▶ [What is needed]
The full listing should be written out verbatim, and its images should be dropped.

▶ [Data section]
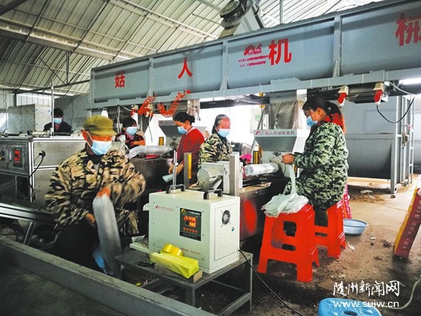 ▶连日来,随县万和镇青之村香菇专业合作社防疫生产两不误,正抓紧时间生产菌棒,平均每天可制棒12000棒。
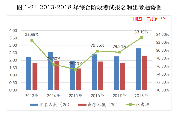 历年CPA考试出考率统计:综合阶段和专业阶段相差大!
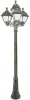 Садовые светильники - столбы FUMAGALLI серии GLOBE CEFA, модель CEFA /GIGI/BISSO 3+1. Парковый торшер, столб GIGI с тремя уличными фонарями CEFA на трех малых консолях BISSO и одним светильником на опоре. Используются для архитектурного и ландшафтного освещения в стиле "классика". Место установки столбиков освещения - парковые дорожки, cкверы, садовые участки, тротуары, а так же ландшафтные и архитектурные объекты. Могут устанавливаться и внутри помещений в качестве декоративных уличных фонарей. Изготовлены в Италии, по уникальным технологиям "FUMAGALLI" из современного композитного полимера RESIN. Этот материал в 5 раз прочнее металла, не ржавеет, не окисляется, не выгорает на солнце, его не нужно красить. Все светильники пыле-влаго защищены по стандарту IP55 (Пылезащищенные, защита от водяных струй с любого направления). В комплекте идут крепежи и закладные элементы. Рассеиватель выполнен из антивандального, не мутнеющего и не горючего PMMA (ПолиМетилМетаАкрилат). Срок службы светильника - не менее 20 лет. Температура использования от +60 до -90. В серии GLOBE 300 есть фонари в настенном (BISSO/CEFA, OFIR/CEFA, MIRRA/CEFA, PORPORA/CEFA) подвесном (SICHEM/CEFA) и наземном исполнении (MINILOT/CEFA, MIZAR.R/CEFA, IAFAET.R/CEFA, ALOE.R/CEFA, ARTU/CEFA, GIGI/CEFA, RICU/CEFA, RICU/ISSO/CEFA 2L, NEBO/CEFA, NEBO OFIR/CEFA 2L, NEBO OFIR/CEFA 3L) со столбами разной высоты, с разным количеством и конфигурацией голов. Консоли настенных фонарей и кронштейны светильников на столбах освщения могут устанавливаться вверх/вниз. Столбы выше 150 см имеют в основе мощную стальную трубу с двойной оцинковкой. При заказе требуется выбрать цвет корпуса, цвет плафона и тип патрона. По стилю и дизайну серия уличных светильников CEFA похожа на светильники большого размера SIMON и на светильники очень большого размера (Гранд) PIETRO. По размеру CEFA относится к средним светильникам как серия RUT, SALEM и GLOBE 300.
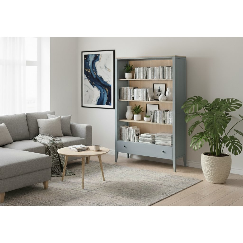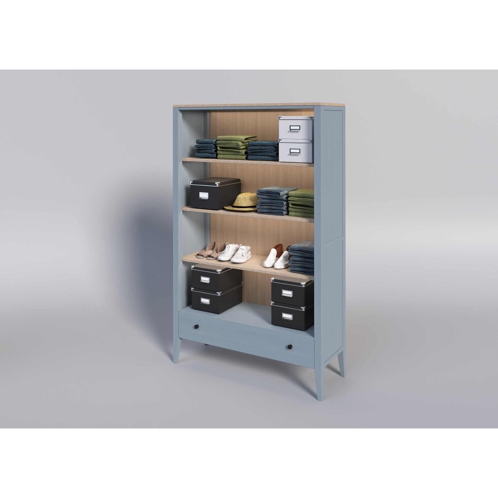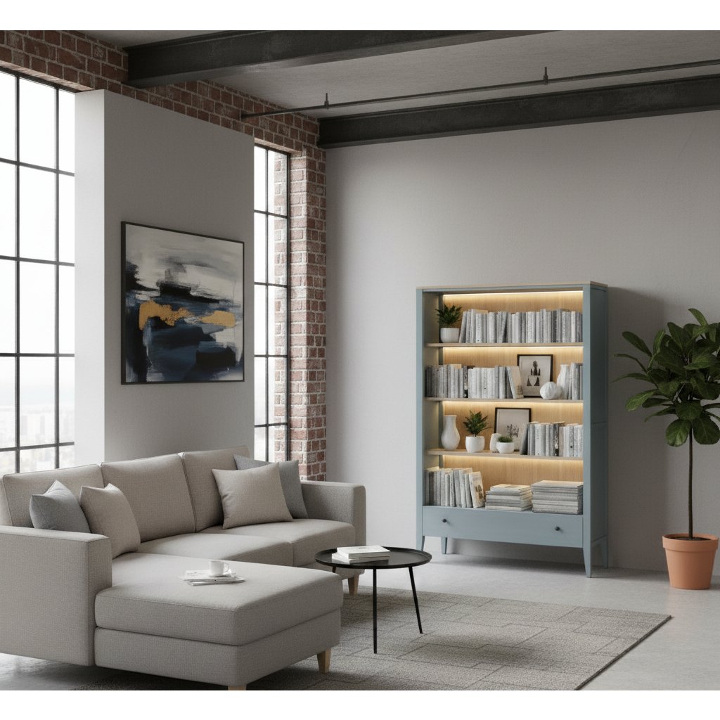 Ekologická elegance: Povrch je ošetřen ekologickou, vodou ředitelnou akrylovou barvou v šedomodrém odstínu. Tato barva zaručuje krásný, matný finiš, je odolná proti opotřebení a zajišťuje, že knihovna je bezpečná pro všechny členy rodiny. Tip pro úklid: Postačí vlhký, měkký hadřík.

▶ [Response]
 ▶连日来,随县万和镇青之村香菇专业合作社防疫生产两不误,正抓紧时间生产菌棒,平均每天可制棒12000棒。
 历年CPA考试出考率统计:综合阶段和专业阶段相差大!
 Садовые светильники - столбы FUMAGALLI серии GLOBE CEFA, модель CEFA /GIGI/BISSO 3+1. Парковый торшер, столб GIGI с тремя уличными фонарями CEFA на трех малых консолях BISSO и одним светильником на опоре. Используются для архитектурного и ландшафтного освещения в стиле "классика". Место установки столбиков освещения - парковые дорожки, cкверы, садовые участки, тротуары, а так же ландшафтные и архитектурные объекты. Могут устанавливаться и внутри помещений в качестве декоративных уличных фонарей. Изготовлены в Италии, по уникальным технологиям "FUMAGALLI" из современного композитного полимера RESIN. Этот материал в 5 раз прочнее металла, не ржавеет, не окисляется, не выгорает на солнце, его не нужно красить. Все светильники пыле-влаго защищены по стандарту IP55 (Пылезащищенные, защита от водяных струй с любого направления). В комплекте идут крепежи и закладные элементы. Рассеиватель выполнен из антивандального, не мутнеющего и не горючего PMMA (ПолиМетилМетаАкрилат). Срок службы светильника - не менее 20 лет. Температура использования от +60 до -90. В серии GLOBE 300 есть фонари в настенном (BISSO/CEFA, OFIR/CEFA, MIRRA/CEFA, PORPORA/CEFA) подвесном (SICHEM/CEFA) и наземном исполнении (MINILOT/CEFA, MIZAR.R/CEFA, IAFAET.R/CEFA, ALOE.R/CEFA, ARTU/CEFA, GIGI/CEFA, RICU/CEFA, RICU/ISSO/CEFA 2L, NEBO/CEFA, NEBO OFIR/CEFA 2L, NEBO OFIR/CEFA 3L) со столбами разной высоты, с разным количеством и конфигурацией голов. Консоли настенных фонарей и кронштейны светильников на столбах освщения могут устанавливаться вверх/вниз. Столбы выше 150 см имеют в основе мощную стальную трубу с двойной оцинковкой. При заказе требуется выбрать цвет корпуса, цвет плафона и тип патрона. По стилю и дизайну серия уличных светильников CEFA похожа на светильники большого размера SIMON и на светильники очень большого размера (Гранд) PIETRO. По размеру CEFA относится к средним светильникам как серия RUT, SALEM и GLOBE 300.
 Ekologická elegance: Povrch je ošetřen ekologickou, vodou ředitelnou akrylovou barvou v šedomodrém odstínu. Tato barva zaručuje krásný, matný finiš, je odolná proti opotřebení a zajišťuje, že knihovna je bezpečná pro všechny členy rodiny. Tip pro úklid: Postačí vlhký, měkký hadřík.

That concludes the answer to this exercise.